12 Mart 2022 23:17
Fotoğraf: Leon Klein/AA
Yanmış ağaçlar, kavrulmuş toprak, toz, çamur ve kan akan dereler, petrole bulanmış kumsallar, ölü gövdelerin sürüklendiği nehirler, göller...
Dünya üzerinde bugüne kadar yapılmış savaşlardan aklımızda kalan birkaç görüntü bunlar. Savaşlar sadece insanları değil, tüm canlıların ve doğanın da katili aslında. “Başkasının acısını duyana insan derler” diye bir söz var ya, aslında bu söz; “Yok edilen doğanın acısını duyana insan derler” diye düzeltilmeli.
ÇEVREYİ KİRLETMEK BİR İNTİHAR EYLEMİDİR!
Sadece canlıların değil, bir dağın, bir kayanın, bir nehrin yok edilmesi, kirletilmesinin de acısını içimizde duymak zorundayız. Çünkü doğada yok olan, kirletilen her şey aslında bir tür intihar eylemidir. Bir nevi kendi kendini yok etmek, kirletmektir.
Bir dağı yok edenler kendinden bir parçayı yok etmişlerdir. Bir nehri kirletenler damarlarındaki kana zehir zerk etmişlerdir. Bir ormanı kesenler ciğerlerine iğne batırmışlardır! Bir kuşu, dağ keçisini avlayanlar kendi geleceklerine kurşun sıkmışlardır!
Savaşlar da böyledir işte. İnsanın kendi türünü yok etmesi aynı zamanda doğaya karşı da bir eylemdir. İnsanlar, örneğin bugün Rusya-Ukrayna savaşında bombalarla bir ormanı, gölü, kenti yok ettiklerinde Afrika’da hiçbir şeyden haberi olmadan otlayan bir zebranın ya da Amazonlarda balta girmemiş ormanlarda yaşayan kabilelerin, Avustralya’da Aborjinlerin ve büyük okyanusta dolaşan balıkların da yaşamlarına kastetmişlerdir.
Fotoğraf: EminSansar/AA
DOĞADAKİ DENGE
Çünkü doğada hiçbir şey gereksiz değildir. Milyonlarca,
milyarlarca yılda oluşmuş ve sürekli kendini yenileyen bir denge içerisindedir.
Bu dengenin bozulması bütün dengeleri etkiler.

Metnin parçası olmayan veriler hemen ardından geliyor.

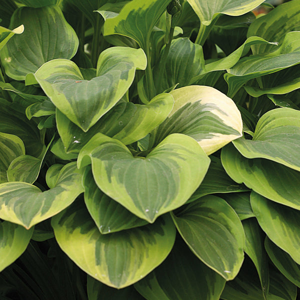An award winning small to medium-sized hosta, perfect for edging borders and garden walkways. Foliage transforms as it ages from green with chartreuse, irregular margins to yellow, then fades to a soft creamy color with chartreuse streaks. Showy scapes of purple flowers appear in summer. An herbaceous perennial.

Biz bunu fark edemeyiz çoğu
zaman, dünyanın kendi etrafında saatte
İnsanlık çok çok uzun zamandır doğayla barışık bir yaşamı terk etti. Kendi refahı için ona savaş açtı. Onunla uyumlu bir gelecek yerine, onu kendisi için “yaratılmış-oluşmuş” bir meta gibi gördü ve nasıl kullanırımın derdine düştü. Daha çok besin elde etmek için ormanları yok etti, tarlalar açtı. Ekinleri, meyveleri yiyor diye zehirle böcekleri öldürdü. Fabrikalar kurup havayı, suları, denizleri, toprağı kirletti. Tüm bunlar da yetmedi daha çok egemenlik, daha varsıl bir devlet, daha korkulan bir güç olabilmek için çağlar boyunca birbirinin boğazını sıktı, gözlerini oydu, kanlarını içti!..
"ANCAK, BU BÖYLE GİTMEZ!"
Bugün, doğa “Bu böyle gitmez, bu böyle süremez” diye iklim krizi, küresel ısınma, pandemi gibi işaretler gönderdikçe insanlık “Evet, gitmiyor” gerçeğini kabullendi, sözde! Kimsenin okuyup ciddiye almadığı raporlarda kaldı tüm bu gerçekler.
Raporlar, “Fosil yakıtlar iklim krizine neden oluyor, onlardan kurtulmak lazım” dedikçe daha çok petrol ve kömür endüstrisine kaynak aktarıldı. Kamu yararına, kâr amacı gütmeyen ve doğaya en az zarar verecek bir enerji üretimi mümkün, öncelikle toplumsal yaşamın “tüketim, daha fazla tüketim” modelinden kurtarılması gerekir önerilerine kulak tıkanarak iklim krizine çare olarak “Yenilenebilir temiz enerji” hayali pazara sürüldü. Bunun da bir masal olduğu ve doğanın kirletilerek pazarlanmasının yeni aracı olmaktan başka bir anlam taşımadığı çok geçmeden anlaşıldı.
Geldiğimiz noktada bitmeyen emperyalist dalaş, savaşlar bu sistemin yürütülemeyeceği gerçeğini bir kez daha yüzümüze vuruyor. Kapitalist yağmanın, barbarlığın yarattığı ekonomik ve ekolojik krizin bedelini ödüyoruz.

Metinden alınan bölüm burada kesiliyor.